According to Splash 247 columnist Pierre Aury, the IMO’s decision to delay approval of its Net Zero Framework (NZF) gives the shipping sector a moment to clarify one of its biggest unknowns: what exactly counts as a renewable marine fuel.
Between the EU ETS, which puts a price on emissions, and FuelEU Maritime, which limits well-to-wake GHG intensity and requires cold ironing in port, shipowners now face strong pressure to move away from fossil fuels. When adopted, the NZF is expected to push the same shift globally.
What is a renewable fuel?
Aury notes that it’s any fuel derived from sources that naturally regenerate. In practice, regulators focus on biofuels and e-fuels, not on raw biomass like wood, which is impractical for shipping.
Biofuels: Three Generations
First-generation biofuels come from crops such as corn, sugarcane or rapeseed. They are widely used but raise concerns over land use and competition with food production.
Second-generation or advanced biofuels use waste, residues or lignocellulosic material, including used cooking oil or HVO. They offer better sustainability profiles but remain limited by available feedstock.

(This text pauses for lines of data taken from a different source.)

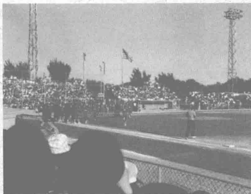
台灣來的青少棒隊在印第安納州的蓋瑞城比賽，許多留學生都從很遠的地方開車為台灣隊伍加油。
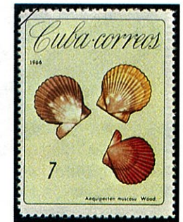
C. muscosus アザミヒヨク
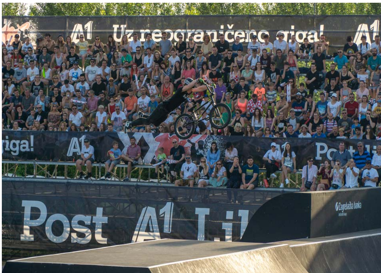
Slika 17. Pannonian Challenge
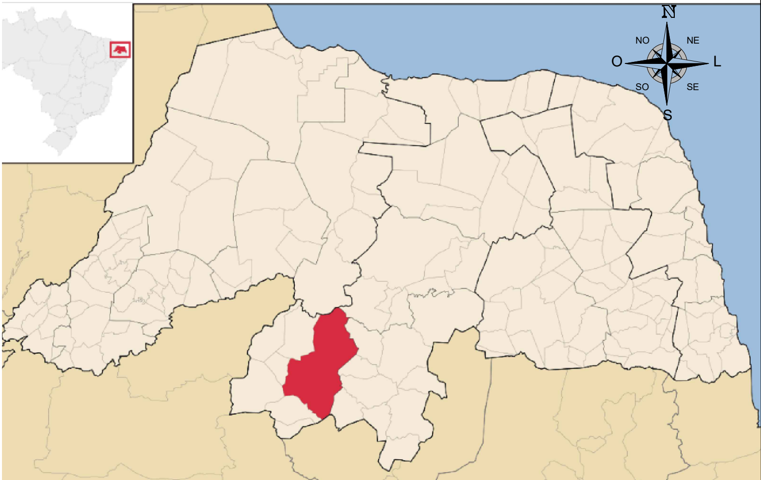
PLANTA DE LOCALIZAÇÃO Pavimentações, Caicó/RN Sem escala

LEGENDA = RUA A SER PAVIMENTADA NESTE CONTRATO
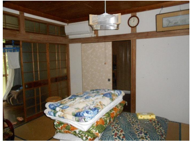
【和室 6 帖】
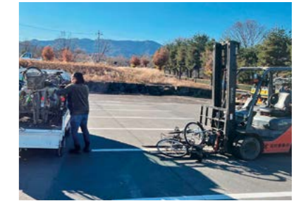
古タイヤ・廃バッテリー・自転車
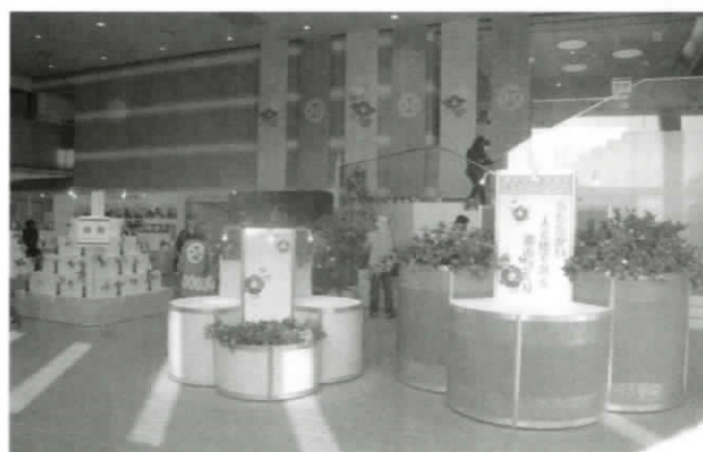
椿まつりシンボルモニュメント
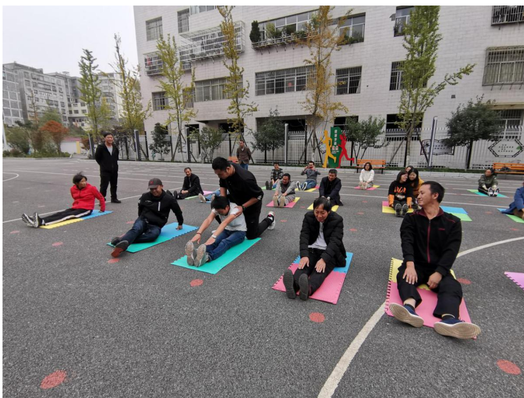
参训教师在体育课程培训中做拉伸运动
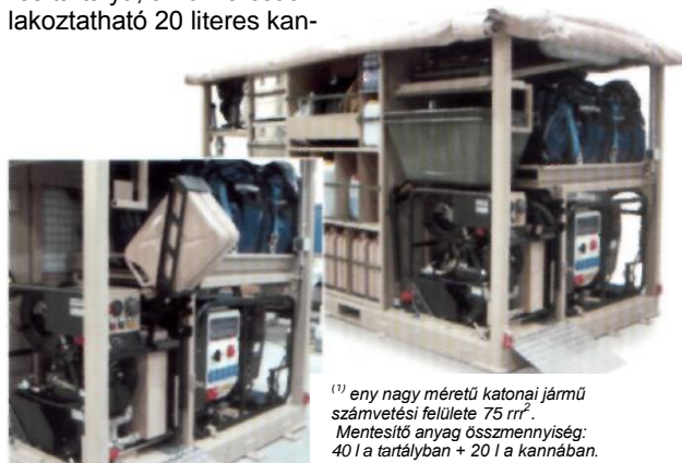
(1) eny nagy méretű katonai jármű számvetési felülete 75 m 2 . Mentesítő anyag össz mennyiség: 40 l a tartályban + 20 l a kánában.
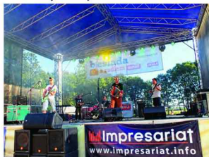
Koncert zespołu Podoba Mi Się

Pierwszy zespół, który wystąpił na zarzeckiej scenie to ukraiński Lars Reller Band. Goście przedstawili godzinny program, w trakcie którego zagrali swoje ukraińskie przeboje, a dla nas zaskoczeniem było wykonanie kilku polskich utworów. Następny zespół, który przedstawił się zarzeckiej publiczności to Podoba mi się, czyli finaliści I edycji polskiej edycji programu „Must Be the Music. Tylko muzyka”.
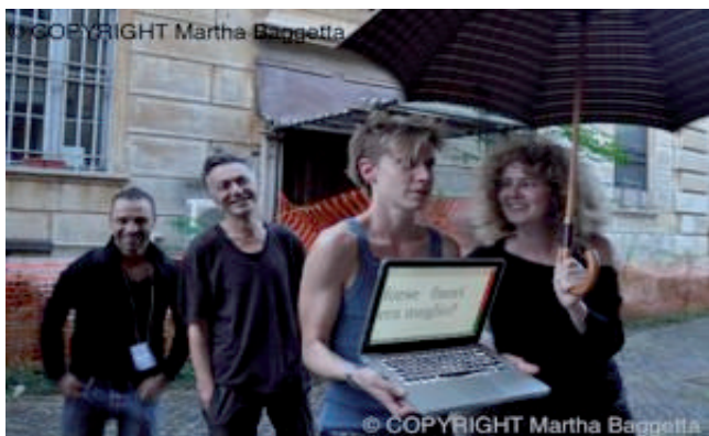
Where
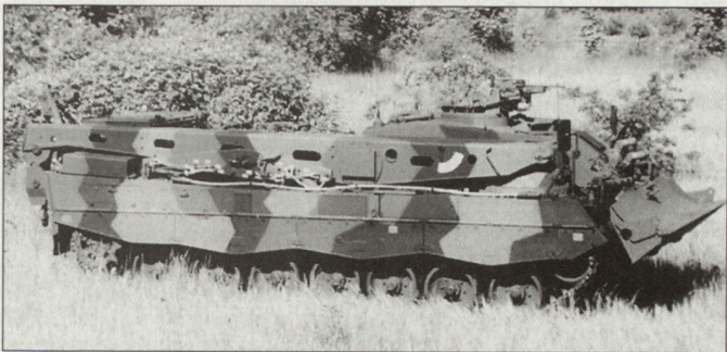
Bergepanzer auf Chassis «Leopard 2».

zösischen Bergepanzer «Leclerc» als auch an den südkoreanischen K1 angepasst. Der schwedische Bergepanzer verfügt gegenüber dem «Büffel» über einen verbesserten ballistischen Schutz einschließlich eines integrierten Splitterschutzes, eine reduzierte IR-Signatur, ein Führungs- und Navigationssystem, eine Waffenstation und über Nebelwerfer zur Selbstverteidigung. Ausserdem wurde ein Bergesystem unter Panzerschutz mit rückwärtigen Kameras integriert. Der Arbeitsbereich der Krananlage wird durch eine 1,5-t-Hilfswinde sowie mit der Leistungsfähigkeit des Dreifachzuges mit der Hauptwindenanlage (35 t Einfachzug) erhöht. Ausser Schweden haben auch die Schweiz und Spanien Verträge über insgesamt mehr als 40 Bergepanzer dieses Typs abgeschlossen. hg
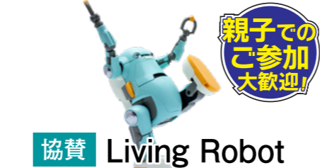
※写真はイメージです。スクラッチでロボットプログラムを体験! パソコン上でロボット目線での景色も確認できるよ。

16(月)17(火)18(水) ① 11:00 ▶ 12:00 ② 13:00 ▶ 14:00
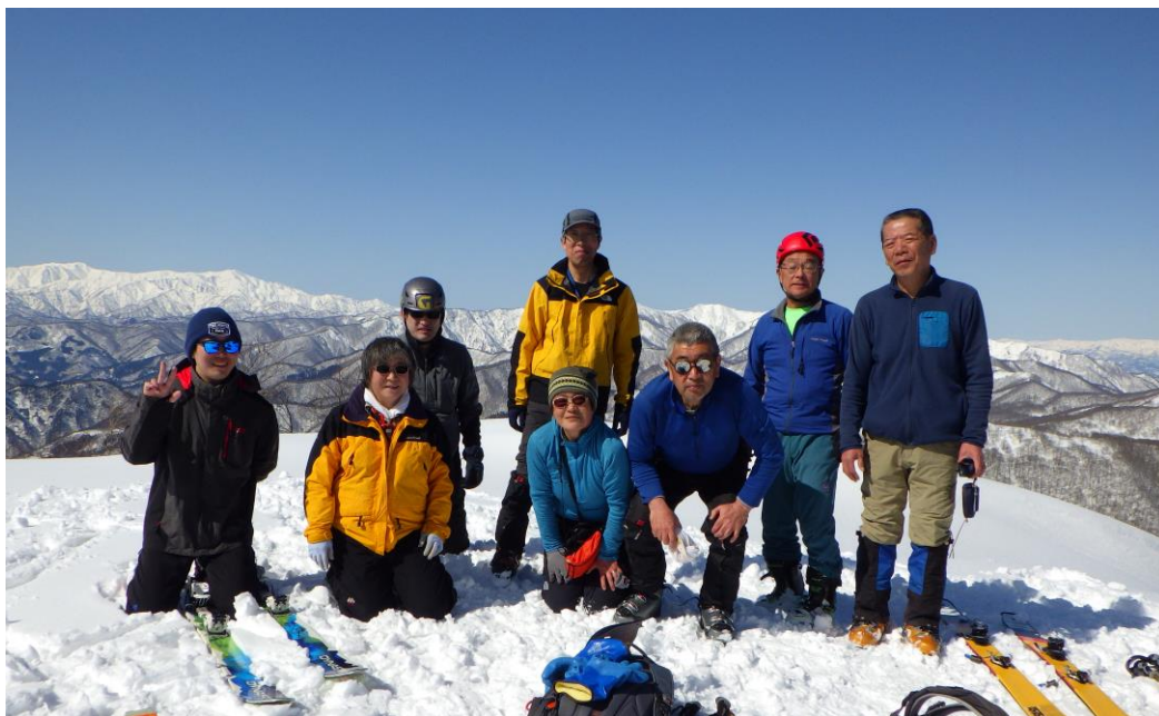
喜多方から登って方にとってもらった
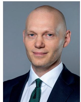
Niklas Wykman (M) Finansmarknadsminister Finansdepartementet

Sverige styrs av en regering bestående av Moderaterna (M), Kristdemokraterna (KD) och Liberalerna (L). Den 18 oktober 2022 tillträdde en regering med Ulf Kristersson (M) som statsminister.
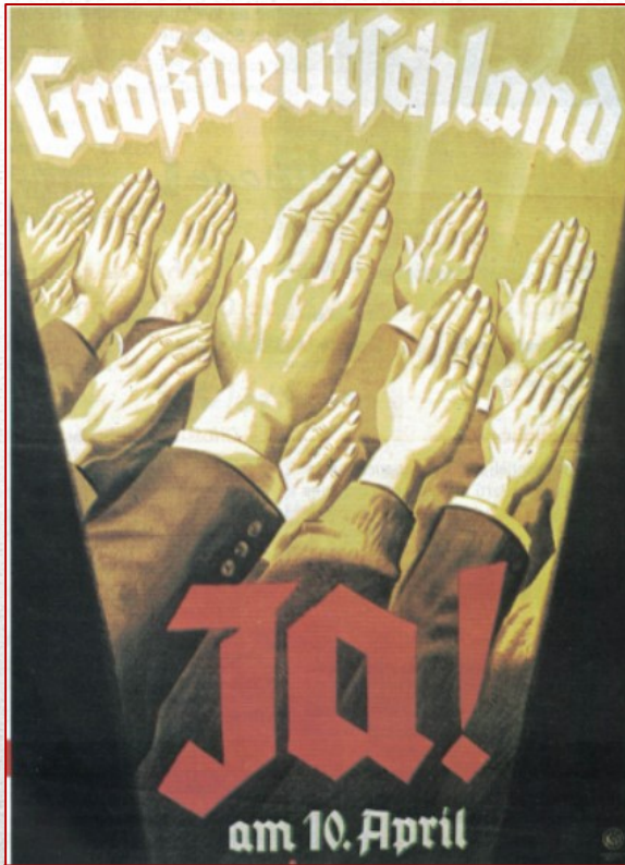
Manifesto di propaganda tedesco per l'Anschluss austriaco, 1938
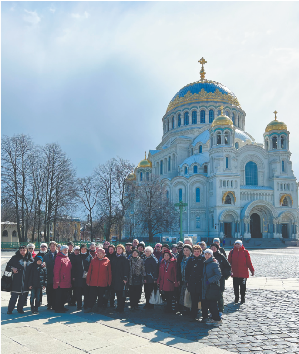
Жители муниципального округа на фоне Морского Никольского собора

Длина дока составляла 2 240 метров. Одновременно в нем можно было ремонтировать до 10 больших кораблей.
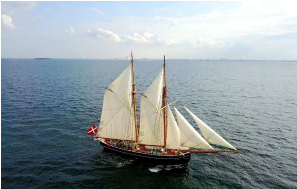
"HALMØ" for fulde sejl.
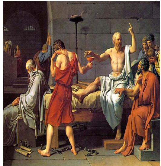
La Mort de Socrate, Jacques-Louis David , 1787.
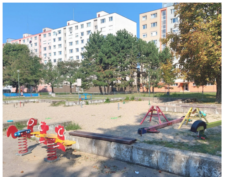
Verejné detské ihrisko na Starhradskej už onedlho skrášlia nové preliezky.
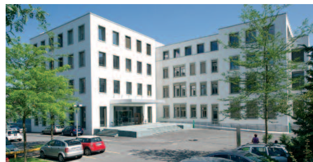
Die neue Geschäftsstelle der SGTMeH in der AMTS in Luzern.

Der 24. August 2010 bedeutete auch den offiziellen Startschuss zur Professionalisierung der SGTMeH mit einer neuen Geschäftsstelle. Die SGTMeH ist jetzt in den Räumlichkeiten der AMTS stationiert, der Akademie für medizinisches Training und Simulation in Luzern. Damit verbunden ist eine intensive Zusammenarbeit mit der AMTS, die sich bereits in kurzer Zeit zur führenden multidisziplinären und inter-
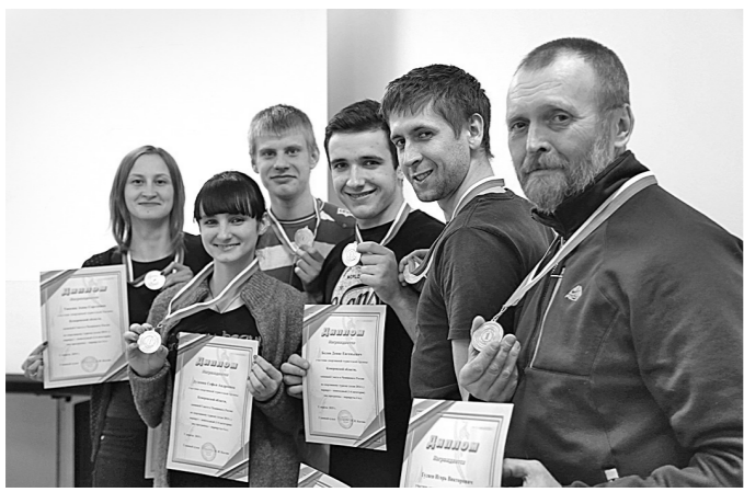
■ Фото из архива ВСЦ «Патриот». Фото Ярослава Беляева.
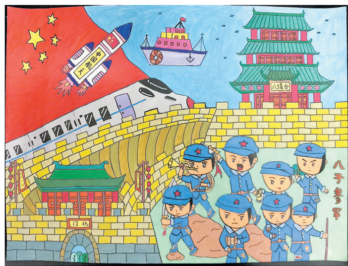
《虔州情 复兴梦》 赣州市沙石吉坦小学六(2)班 余陈芳 (指导老师:曾卉)
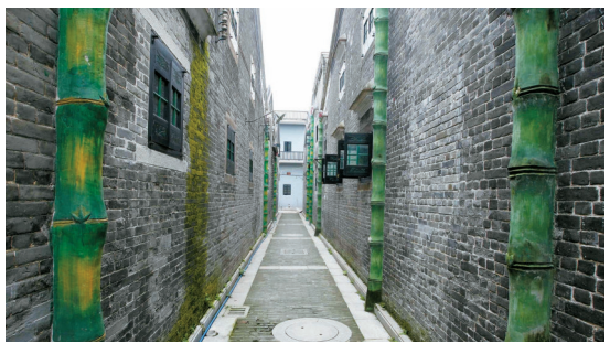
■据说聚龙村的规划是按“井”字形布局,七条街巷纵横铺排。
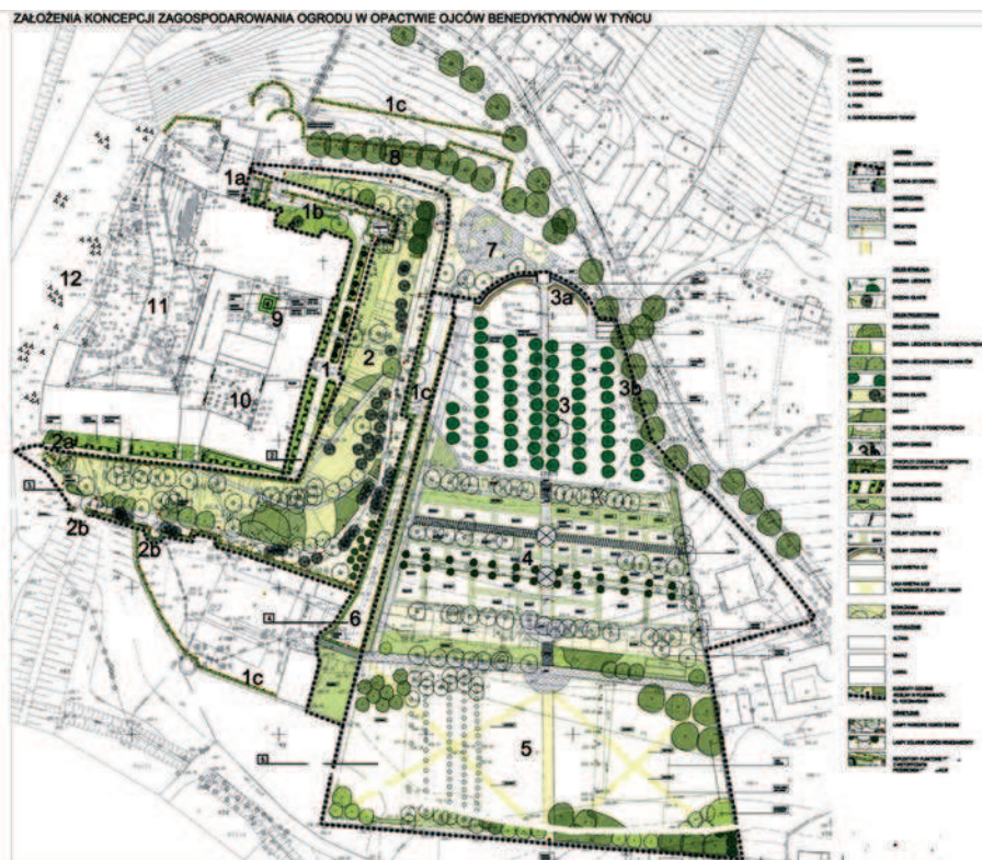
Fig. 4. Guidelines for conception of restoration of Benedictine Abbey Gardens in Tyniec (Gawryszewska B. J., Skibińska M., Podstolski W., 2008/09)
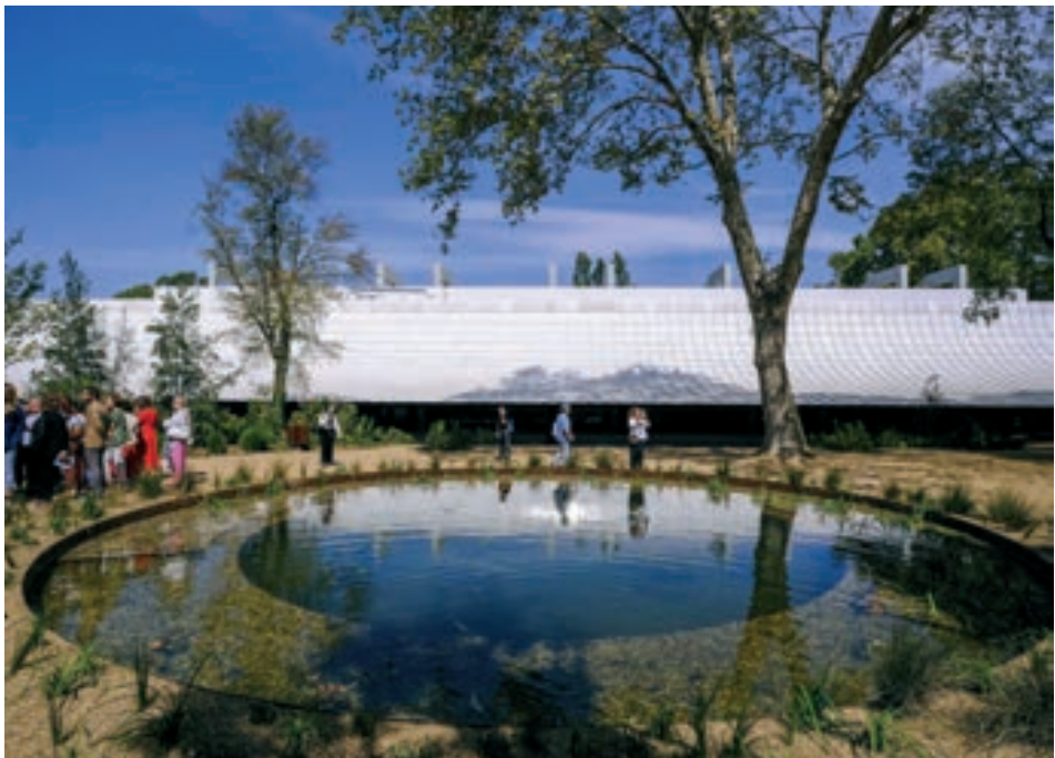
Figura 1 - Centro de Arte Moderna 1

Na arquitetura Venustas refere-se ao apelo visual, à estética, o que pode ser traduzido por beleza, pelo impacto que o edifício ou a construção tem nas pessoas e/ou utilizadores o acréscimo cultural ou mesmo acréscimo na valorização do edificado e da sua envolvente. A inclusão no património local assim como a experiência vivenciada pelas pessoas pode ser traduzida em impacto de beleza, harmonia, criatividade e inovação (M. Mehaffy & Salingaros, 2021).
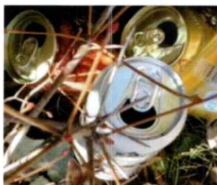
▲ 放置された空き缶
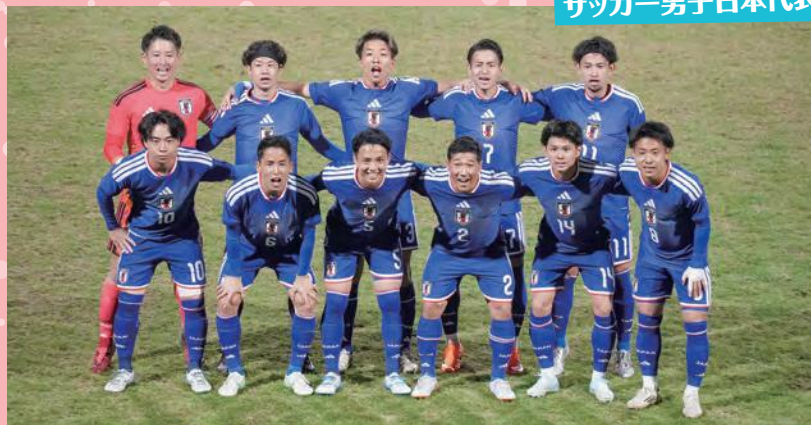
男子日本代表の選手たち
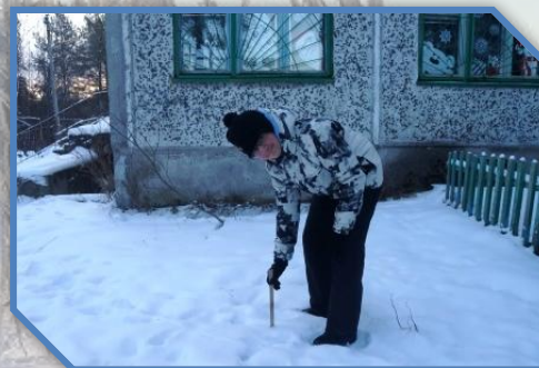
Высота снежного покрова(см).
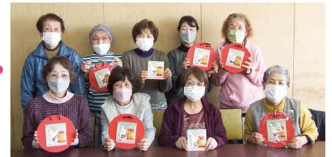
出来上がった作品を手に記念撮影

押絵はウレタン素材に和紙をくるみ作成するもので、くるんだものを後で組み合わせて干支の形にします。今回はうさぎということで、ほぼ白色で小さなサイズのパーツや、丸い形が多く苦戦しながらも「自分の干支まで参加できるやらか?」「オンリーワンでかわいい~」「もうお正月きたよ」といった声が聞かれました。(白浜地区センター・南部仁美)

Third-generation biofuels, such as algae-based fuels, could avoid land-use conflict and scale more easily, but they are still experimental and costly.
E-fuels: Synthetic, Low-Carbon… and Expensive
E-fuels, also called synthetic fuels, combine green hydrogen (from renewable-powered electrolysis) with captured CO₂ to produce e-methanol, e-diesel, e-methane or e-ammonia. When both inputs are renewable or biogenic, these fuels can approach carbon neutrality. However, they are extremely energy-intensive and remain prohibitively expensive.
Aury stresses the distinction: green indicates renewable-powered hydrogen, blue refers to fossil-derived hydrogen paired with carbon capture.
A Note on Ammonia
Aury is blunt on one topic: despite industry excitement, ammonia “should not be considered a fuel for shipping” due to its safety risks.
Reality Check
Even with rapid progress, Aury concludes that no alternative fuel (bio-based or synthetic) can be deployed at the necessary scale to fully decarbonise global shipping by 2050. The technology is advancing, but the timeline is unforgiving.